Chris
Chris

Reputation: 9509

Read rows with specific column values

I want to extract a set of rows of an existing dataset:

 dataset.x <- dataset[(as.character(dataset$type))=="x",]

however when I run

   summary(dataset.x$type)

It displays all types which were present in the original dataset. Basically I get a result that says

   x 12354235    #the correct itemcount
   y 0
   z 0
   a 0
   ...

Not only is the presence of 0 elements ugly but it also messes up any plot of dataset.x due to the presence of hundrets of entries with the value 0.

Upvotes: 0

Views: 1572

Answers (4)

Greg Snow
Greg Snow

Reputation: 49640

Others have explained what is happening and how to fix it, I just want to show why it is a desirable default.

Consider the following sample code:

mydata <- data.frame( 
    x = factor( rep( c(0:5,0:5), c(0,5,10,20,10,5,5,10,20,10,5,0))),
    sex = rep( c('F','M'), each=50 ) )

mydata.males <- mydata[ mydata$sex=='M', ]
mydata.males.dropped <- droplevels(mydata.males)

mydata.females <- mydata[ mydata$sex=='F', ]
mydata.females.dropped <- droplevels(mydata.females)

par(mfcol=c(2,2))
barplot(table(mydata.males$x), main='Male', sub='Default')
barplot(table(mydata.females$x), main='Female', sub='Default')
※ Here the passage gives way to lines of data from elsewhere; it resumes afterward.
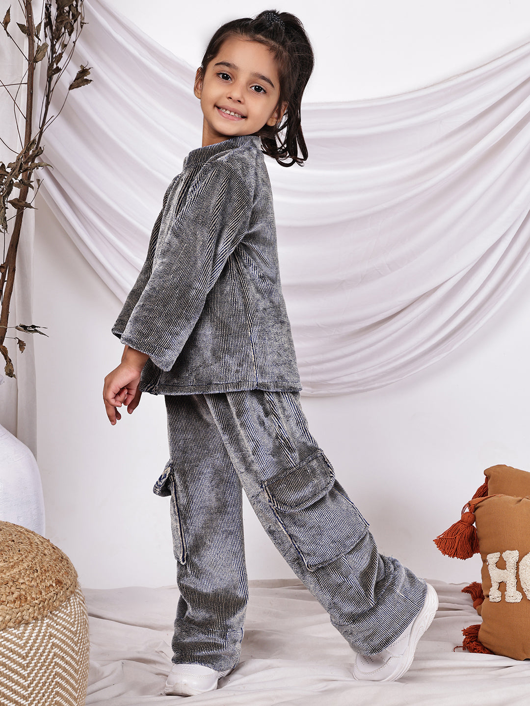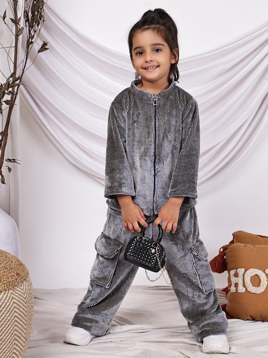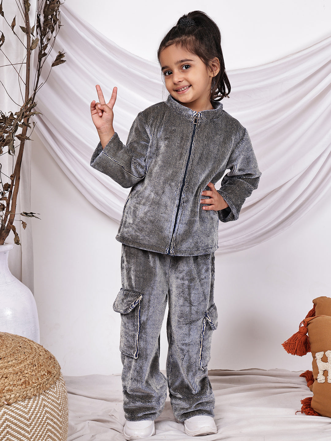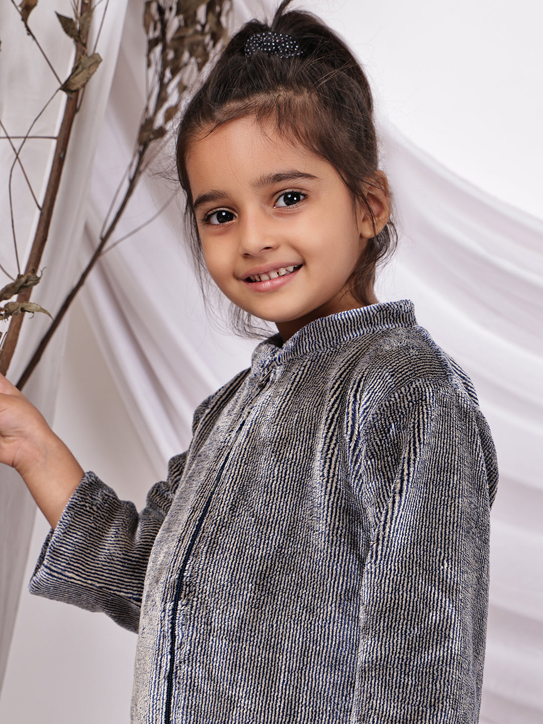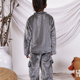 Elevate your little one's wardrobe with this charming velvet jacket and trouser set in sophisticated Grey. The luxurious velvet fabric adds a touch of elegance while ensuring comfort for all-day wear. The coordinated outfit features a well-tailored jacket with thoughtful details and matching trousers that create a polished look. Perfect for special occasions or dressy events, this ensemble combines style with practicality. The plush velvet material provides warmth while maintaining a dressy appearance, making it suitable for various formal settings. The Grey colour offers versatility and pairs beautifully with different accessories. The set is designed to allow freedom of movement while maintaining its refined appearance. This carefully crafted coordinate set makes dressing up a delightful experience for young fashionistas. Please refer to the size chart to ensure the perfect fit for your child.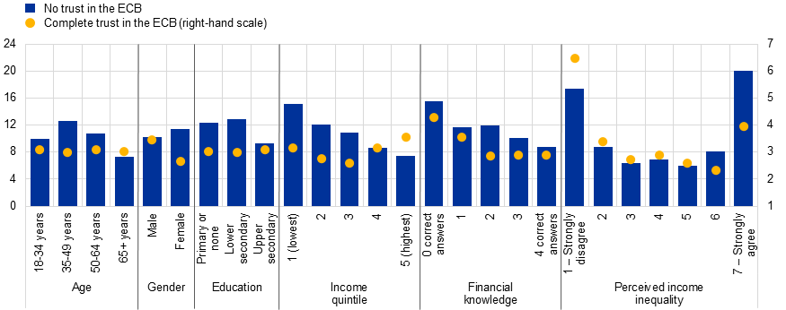 As regards age, the share of individuals with complete trust in the ECB is broadly stable across age groups, while the share of respondents with no trust in the ECB is particularly high in the 35-49 age group and smallest in the 65 and above age group.[20]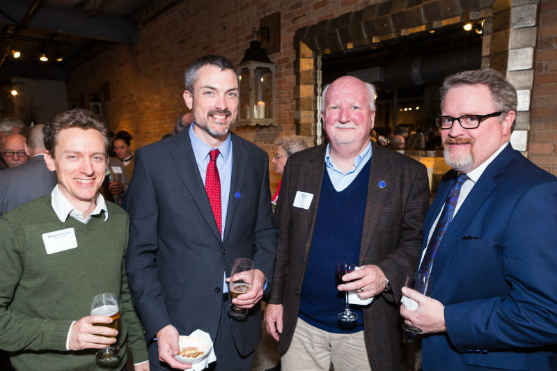 (L-R) Tikkun Gottschalk, James Ellis, Bill Christy and Doug Tate enjoy the music, delicious food and beverages at Jazz for Justice. (Photo by Michael Oppenheim.)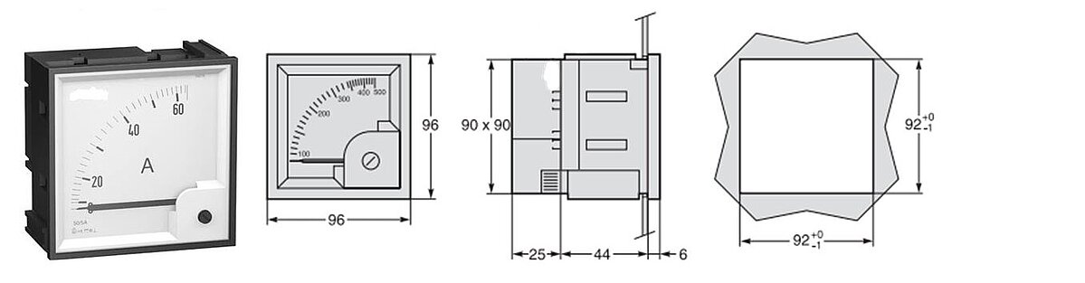 Figure 26: Ammeter illustration and 3 sides of the ammeter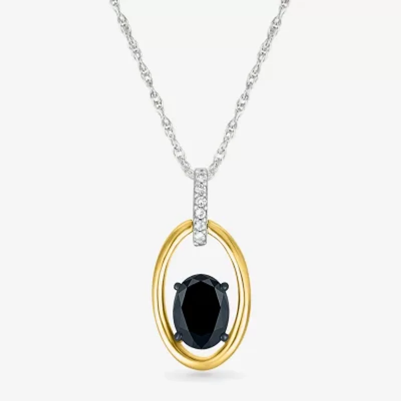Womens Genuine Black Onyx 10K Gold Sterling Silver Oval 18 Inch Pendant Necklace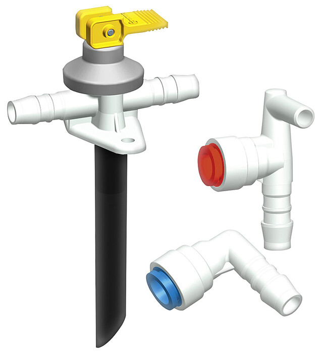 Das Set besteht aus dem stromlosen Ablassventil, den Winkelanschlüssen TB für Wasserschläuche Ø 10 mm und einem weichen und schwarzen PVC-Schlauch. (TB = Tannenbaum)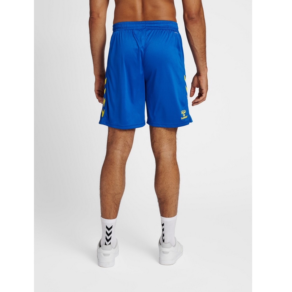 hummel Sporthose hmlCORE XK Poly Shorts (robuster Doppelstrick, ohne Seitentaschen) kurz blau/gelb Herren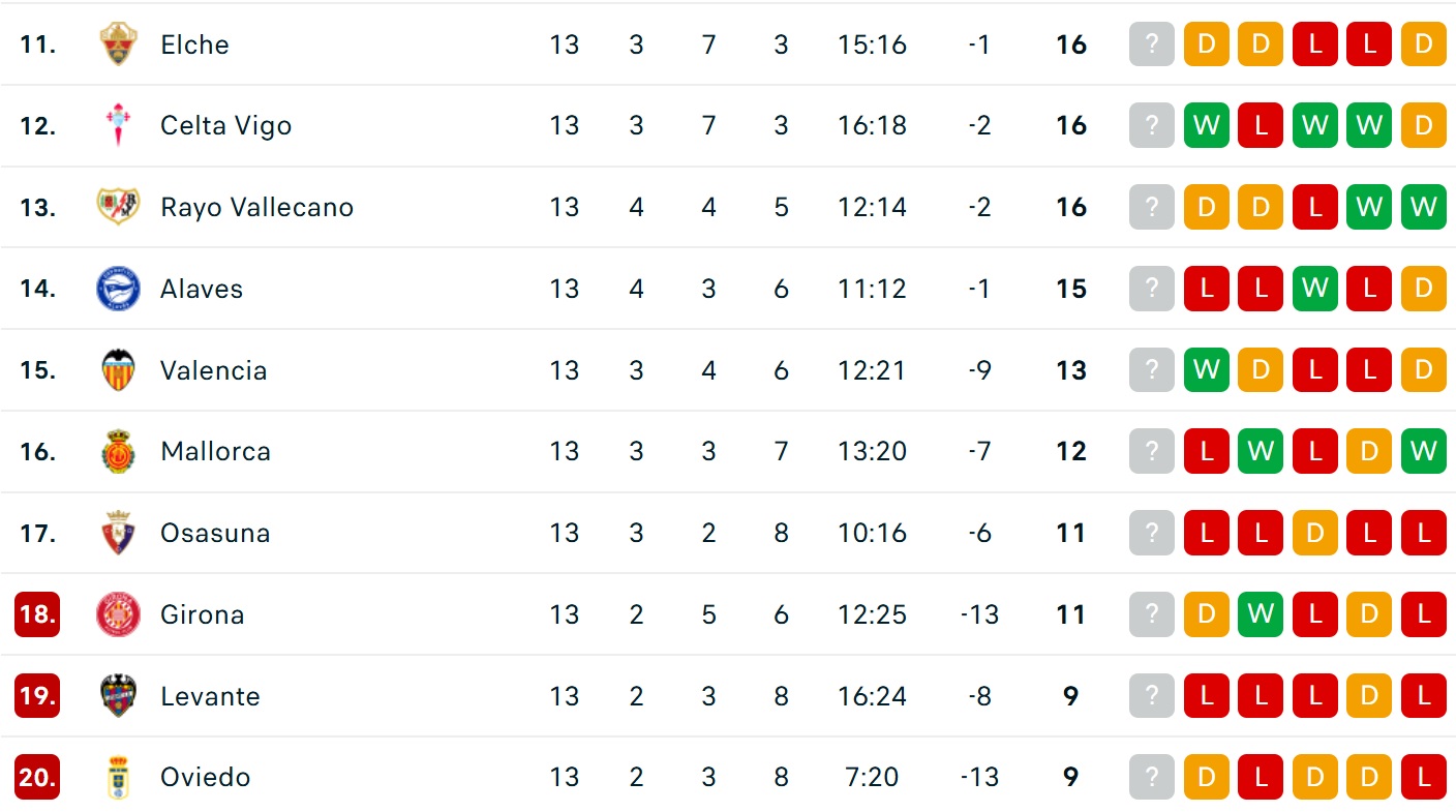 Real Madrid hai lần bị Elche vượt lên dẫn trước và phải nhờ đến các bàn gỡ của Huijsen và Bellingham trong hơn 10 phút cuối mới tránh khỏi thất bại. Kết quả hoà 2-2 này khiến thầy trò Xabi Alonso chỉ còn hơn Barcelona 1 điểm duy nhất trên bảng xếp hạng. Ngay cả những đối thủ phía sau như Villarreal, Atletico Madrid cũng rút ngắn khoảng cách sau khi Real Madrid mất điểm cả hai vòng gần nhất.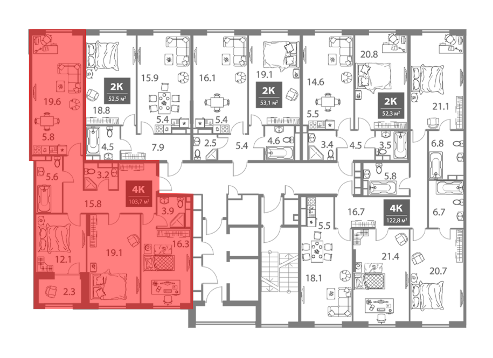 В проекте предложен широкий выбор планировочных решений от 2-х комнатных квартир с кухнями-гостиными до 5-ти комнатных занимающих весь этаж. Все квартиры имеют высокие потолки от 3,1 до 3,6 метра и увеличенные окна. Квартиры сдаются с отделкой White Box. Есть возможность заказать чистовую отделку и меблировку. В каждой секции не более 5 квартир на этаже, что обеспечивает высокий уровень приватности.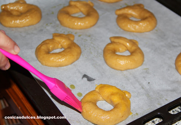 Trabajamos bien hasta obtener una masa lisa que taparemos y dejaremos reposar al menos una hora. Después de ese tiempo tomamos porciones de la masa, formamos las rosquillas, las colocamos sobre una bandeja de horno y pincelamos con huevo batido.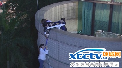 余秉谚(前)挂在4层楼外,相当害怕。民视提供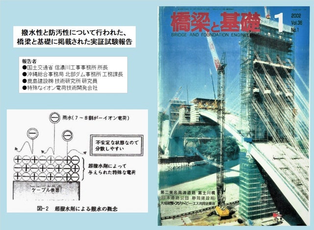 ●特殊なイオン電荷による超撥水剤;ケーブル表面に特殊なイオン電荷を与えることによって、雨滴がケーブル表面に付着しようとしても電荷的に不安定な状態となり、分散しやすくする(=撥水効果を発揮する)ことを目的とし開発されたものである。その特性について、ケーブル表面に塗布することで撥水性を大幅に高めることができることを室内試験と電子顕微鏡写真により明らかにした。また、現地においても水滴が分散する様子を確認した。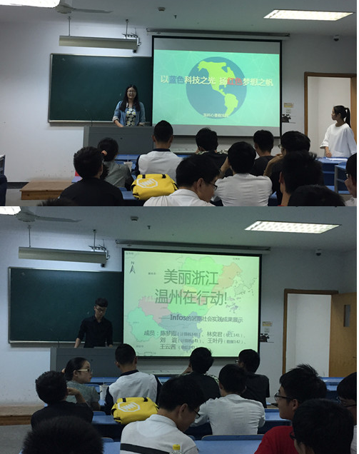 评比会上,参评团队依次通过PPT、视频等形式,生动地展示了各自的优秀成果,评委也对各实践团队进行认真点评,现场气氛热烈。最后由吾与祖团队进行实践展示,将目标指向杭州老龄化发展产业,引起深思。将经过评委评审,最终,浙科心暑期实践团队获得一等奖,正能量传播者团队获得二等奖,沙漠之鹰团队和Infos团队获得三等奖。
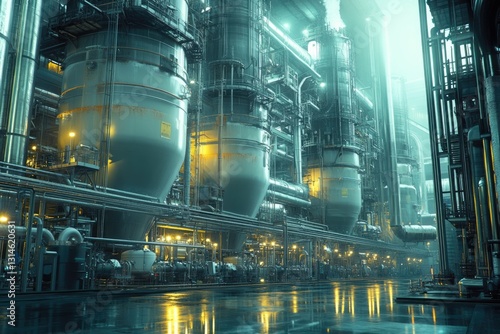Industrial landscape: Teal and yellow toned factory interior with reflective floor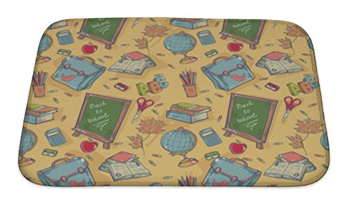 Gear New Back to School Pattern with Various Study Items Bath Rug Mat No Slip Microfiber Memory Foam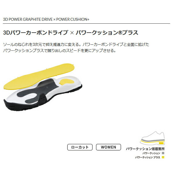 テクノロジー【3D POWER GRAPHITE DRIVE×POWER CUSHION⁺】3Dパワーカーボンドライブ×パワークッション、プラスソ−ルのねじれを3次元で抑え推カに変えるパワーカーボンドライブと全面に拡げたパワ−クッションプラスで跳り出しのスピード を更にアップさせる。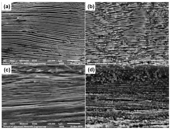 SEM micrographs of steel wires received strains of (a) 0.99 and (b) annealed at 500 °C for 1 h, (c) received strains of 2.38, (d) and annealed at 500 °C for 1 h.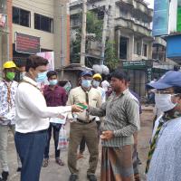 করোনাকালীন সময়ে মাস্ক ও লিফলেট বিতরণ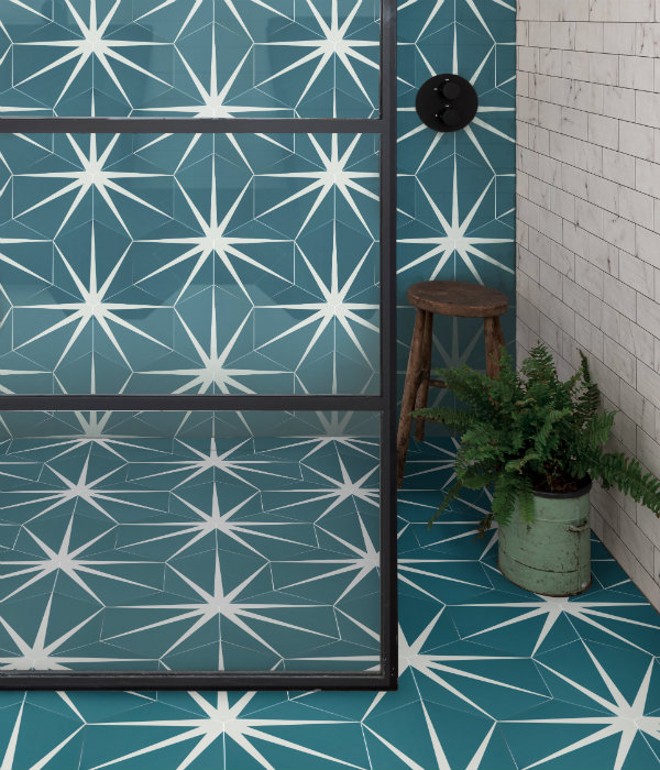 We have invested in a patented design to make our Lily Pad Encaustic tile available in a porcelain tile too. This collection offers staple interior colours, suitable for any kitchen, bathroom or living space. The tiles are machine-made, need little maintenance and are thinner than their cement sister, making them ideal for wall installation.

barplot(table(mydata.males.dropped$x), main='Male', sub='Drop')
barplot(table(mydata.females.dropped$x), main='Female', sub='Drop')

Which produces this plot:

enter image description here

Now, which is the more meaningful comparison, the 2 plots on the left? or the 2 plots on the right?

Instead of dropping unused levels it may be better to rethink what you are doing. If the main goal is to get the count of the x's then you can use sum rather than subsetting and getting the summary. And how meaningful can a plot be on a variable that you have already forced to be a single value?

Upvotes: 3

joran
joran

Reputation: 173527

Building on Chase's answer, subsetting and dropping unused levels in factors comes up a lot, so it pays to just create your own function by combining droplevels and subset:

subsetDrop <- function(...){droplevels(subset(...))}

Upvotes: 3

Rguy
Rguy

Reputation: 1652

Try

dataset$type <- as.character(dataset$type)

followed by your original code. It's probably just that R is still treating that column as a factor and is keeping all of the information about that factor in the column.

Upvotes: 1

Chase
Chase

Reputation: 69151

I'm assuming this is a factor? If so, droplevels() can be used: http://stat.ethz.ch/R-manual/R-patched/library/base/html/droplevels.html

If you add a small reproducible example, it will help others get on the same page and give better advice if this isn't right.